Exercise >> Up to and including the line holding "胡锦萍是2017级统计一班班", write out the data exactly from its first line, but not the pictures.

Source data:

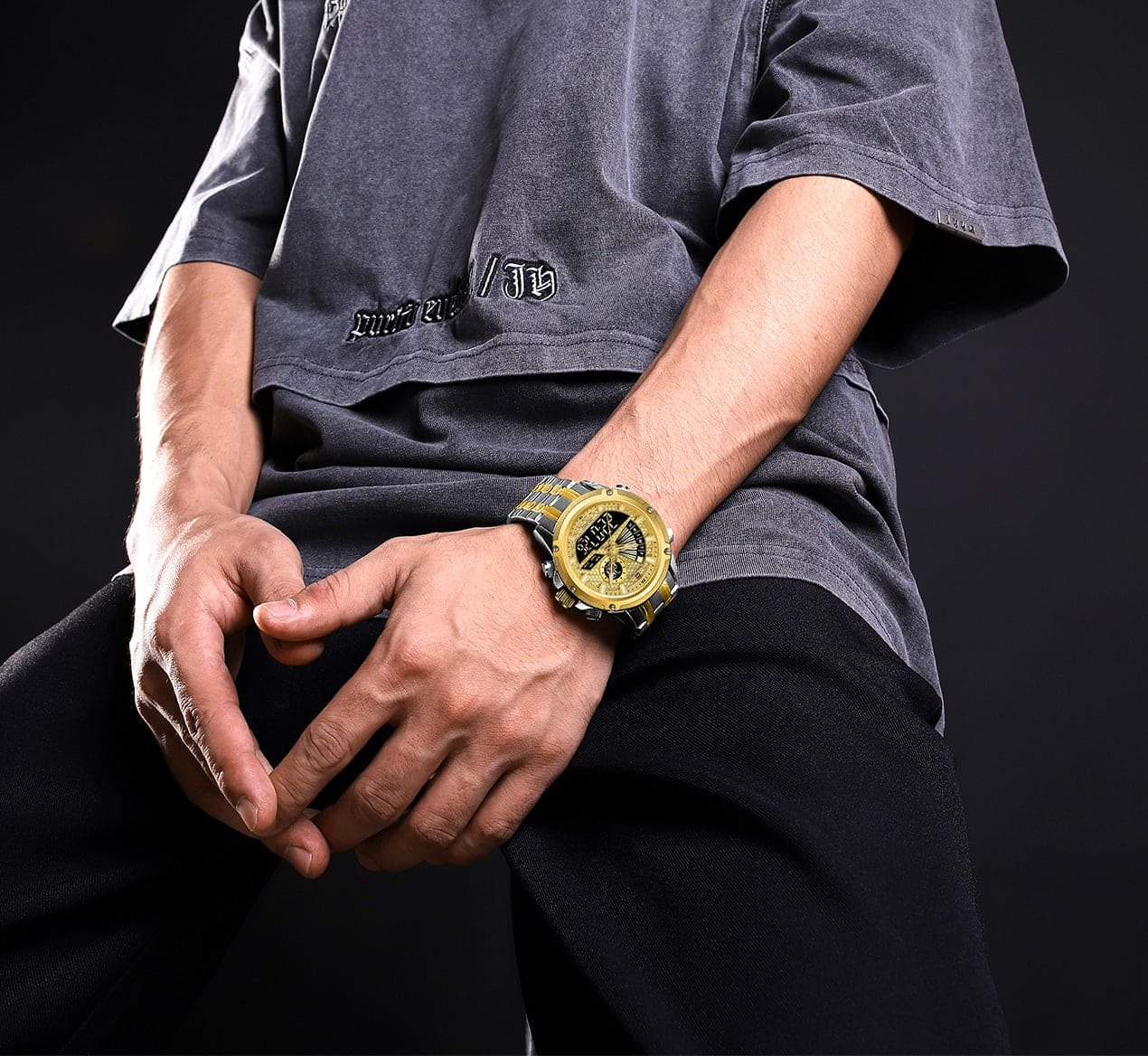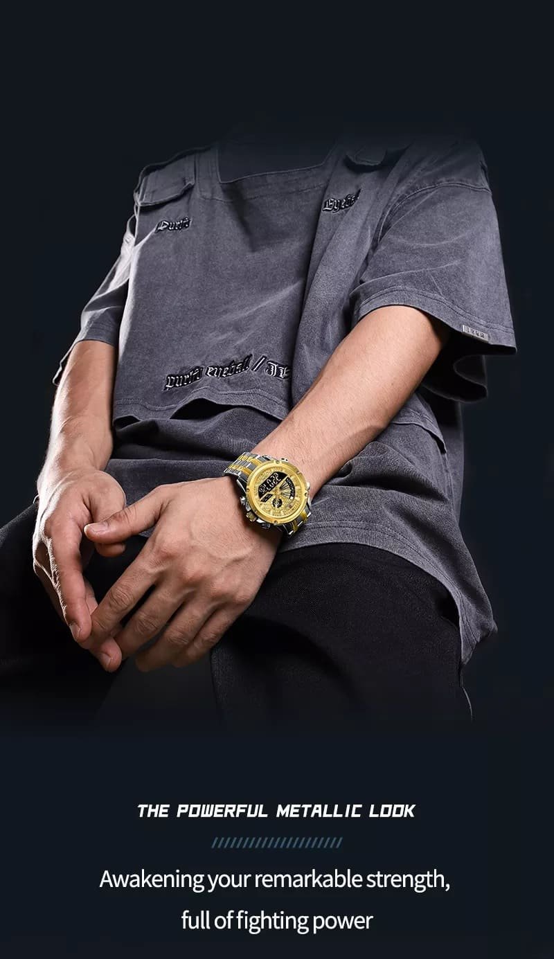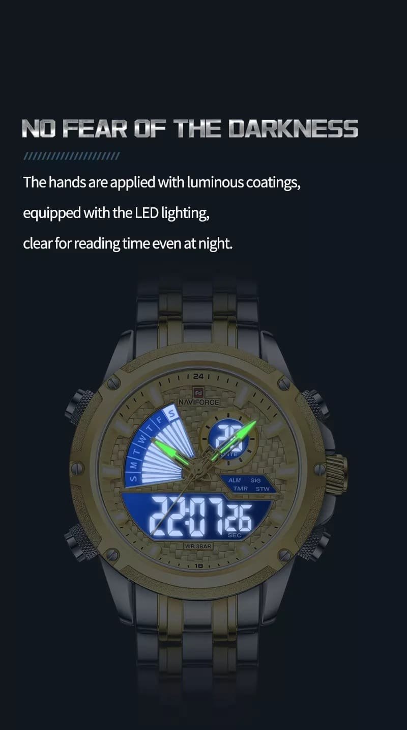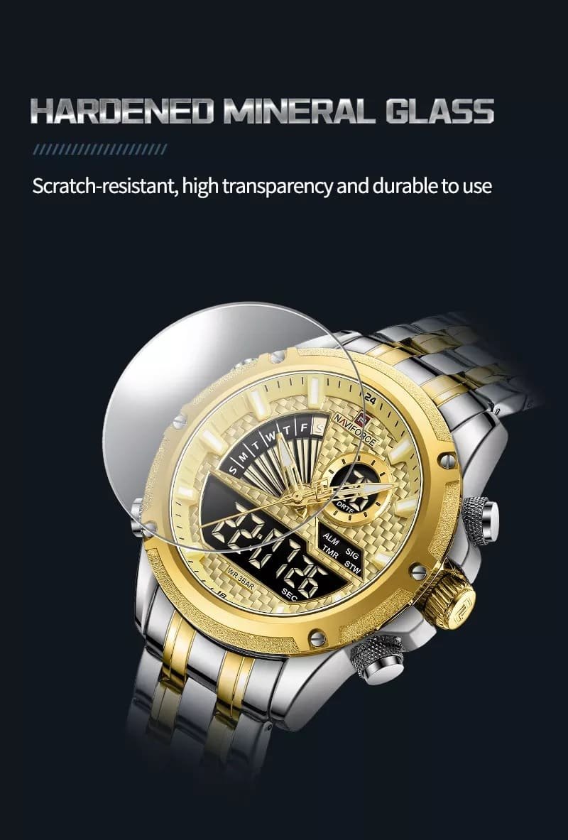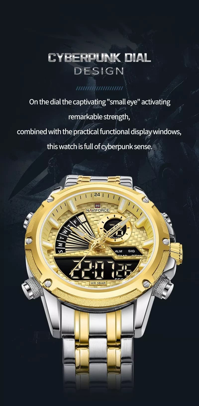 ساعة يد نافي فورس Naviforce NF9205 S G رجالي أصلية موديل ( NF9205 ) نظرية و رقمية بلون مينا ذهبي و استيك معدن بلون فضي و ذهبي احصل عليها غدا خلال 24 ساعة داخل القاهرة و الجيزة و الاسكندرية
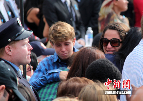 中新网纽约9月11日电 (记者 李洋)纽约世贸遗址于美东时间11日上午举行悲怆的默哀仪式,悼念“9·11”恐怖袭击事件十周年。美国总统奥巴马夫妇和前总统小布什夫妇,以及美国国务卿希拉里等出席仪式。
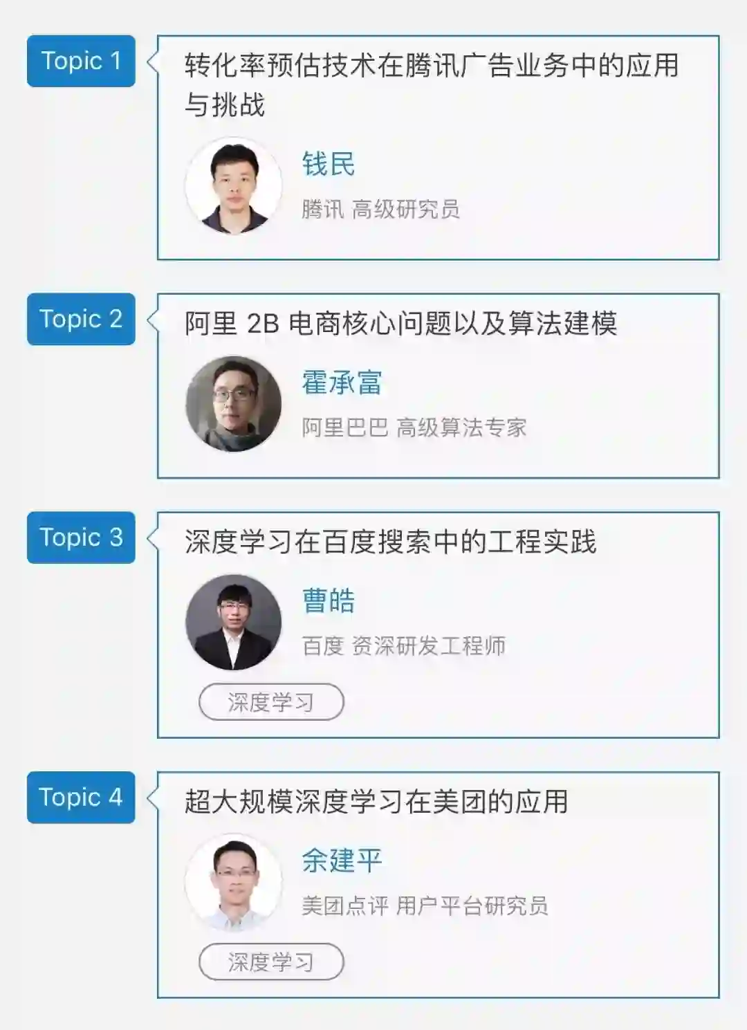 本专题将深入介绍在不同的业务场景下机器学习技术的应用与实践,包括面对具体业务的问题建模,针对相应业务属性和阶段的技术选型与演进,以及背后支撑的大规模机器学习平台技术架构,希望这些实际落地经验能够让听众有所收获。
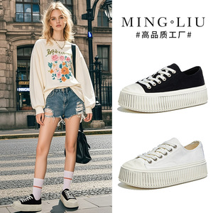 新しいキャンバスシューズ 2025 秋レトロ色ビスケットシューズカジュアル白靴女性の厚底スニーカーファッション女性の靴
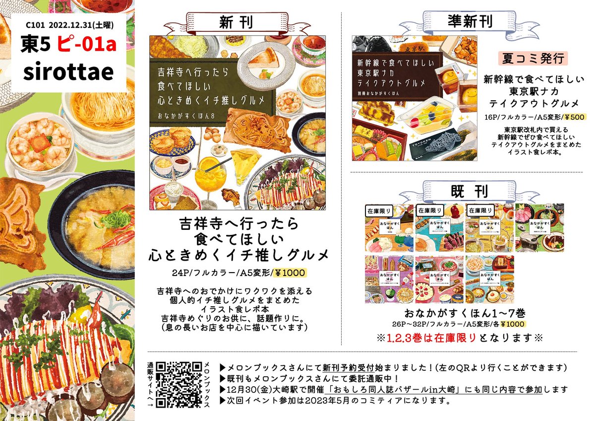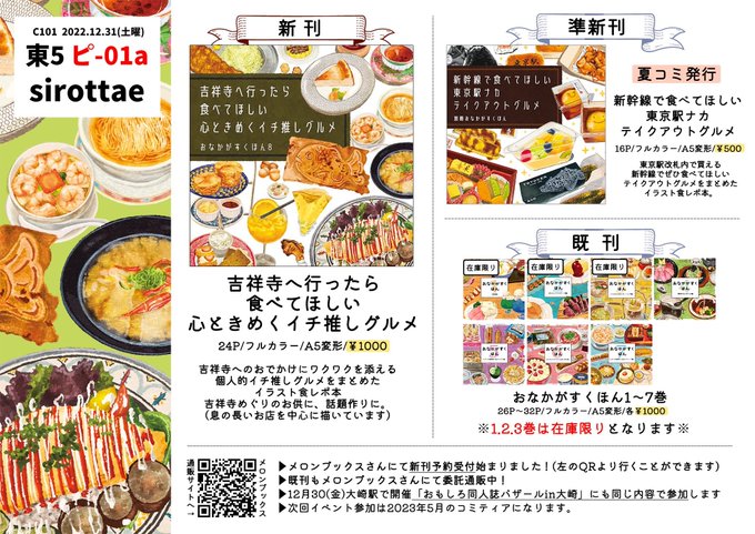 #c101 1日目の明日12/30、JR大崎駅南改札前で開催の #おもしろ同人誌バザール に参加します。 ラインナップは31日とおなじ、新刊も持っていきます!冬コミの行き帰りにお立ち寄りいただければ嬉しいです! 開始時間は(続く)↓ #大崎コミックシェルター
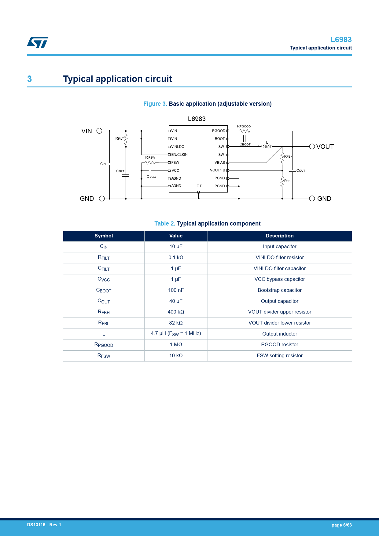 L6983. Typical application circuit. Figure 3. Basic application (adjustable version). Table 2. Typical application component
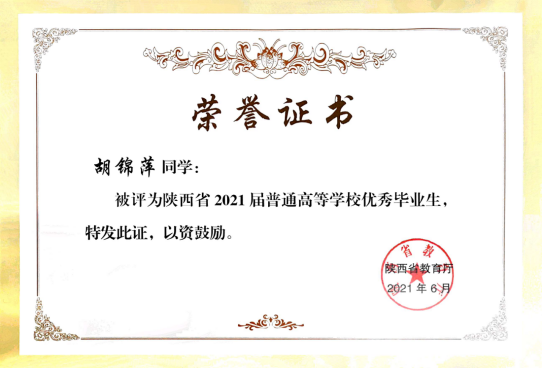 胡锦萍是2017级统计一班班长,党员,担任威廉希尔足球官网第三十六届团总支员工分会副主席。曾获全国老员工数学建模竞赛陕西省赛区一等奖、全国老员工数学竞赛(非数学类)一等奖;连续两年获得市场调查分析大赛陕西省赛区三等奖;还曾获得国家奖学金、国家励志奖学金、威廉希尔足球官网奖学金;连续三年被评为校级三好员工,在2021年研究生考试中被重庆工商大学录取。
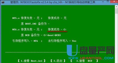6、如果你硬盤里有多個系統,它會然后軟件會自動找出你硬盤中的所有系統,修復每個系統的引導,并且修復系統引導菜單。 ![]() 7、修復成功后,我們點擊退出即可,然后重啟電腦,拔出U盤,讓電腦從硬盤里啟動。 ![]() 方法二、如果上面沒解決,我們繼續使用本工具來深度修復。 依然重新插入U盤,然后重啟電腦,依然從U盤啟動進win8pe系統,依然找到NTBOOT系統引導修復工具,打開它。 跟之前不同的是,這里不選自動修復,我們選擇2、高級
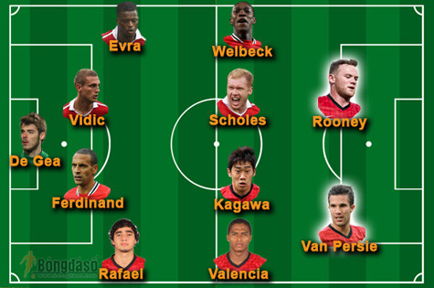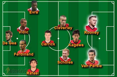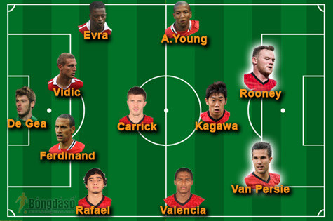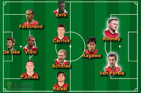 - Nếu sử dụng đội hình này, Sir Alex vẫn giữ được cặp tiền đạo Rooney – Van Persie, hộ công Kagawa nhưng sẽ cải thiện được khả năng tranh chấp bóng của tuyến giữa. Gánh nặng phòng ngự của Michael Carrick sẽ được chia sẻ bởi 2 tiền vệ box-to-box (vừa thủ vừa công) là Tom Cleverley và Paul Scholes.

Answer to the exercise >>
 ساعة يد نافي فورس Naviforce NF9205 S G رجالي أصلية موديل ( NF9205 ) نظرية و رقمية بلون مينا ذهبي و استيك معدن بلون فضي و ذهبي احصل عليها غدا خلال 24 ساعة داخل القاهرة و الجيزة و الاسكندرية
 中新网纽约9月11日电 (记者 李洋)纽约世贸遗址于美东时间11日上午举行悲怆的默哀仪式,悼念“9·11”恐怖袭击事件十周年。美国总统奥巴马夫妇和前总统小布什夫妇,以及美国国务卿希拉里等出席仪式。
 本专题将深入介绍在不同的业务场景下机器学习技术的应用与实践,包括面对具体业务的问题建模,针对相应业务属性和阶段的技术选型与演进,以及背后支撑的大规模机器学习平台技术架构,希望这些实际落地经验能够让听众有所收获。
 新しいキャンバスシューズ 2025 秋レトロ色ビスケットシューズカジュアル白靴女性の厚底スニーカーファッション女性の靴
 #c101 1日目の明日12/30、JR大崎駅南改札前で開催の #おもしろ同人誌バザール に参加します。 ラインナップは31日とおなじ、新刊も持っていきます!冬コミの行き帰りにお立ち寄りいただければ嬉しいです! 開始時間は(続く)↓ #大崎コミックシェルター
 L6983. Typical application circuit. Figure 3. Basic application (adjustable version). Table 2. Typical application component
 胡锦萍是2017级统计一班班长,党员,担任威廉希尔足球官网第三十六届团总支员工分会副主席。曾获全国老员工数学建模竞赛陕西省赛区一等奖、全国老员工数学竞赛(非数学类)一等奖;连续两年获得市场调查分析大赛陕西省赛区三等奖;还曾获得国家奖学金、国家励志奖学金、威廉希尔足球官网奖学金;连续三年被评为校级三好员工,在2021年研究生考试中被重庆工商大学录取。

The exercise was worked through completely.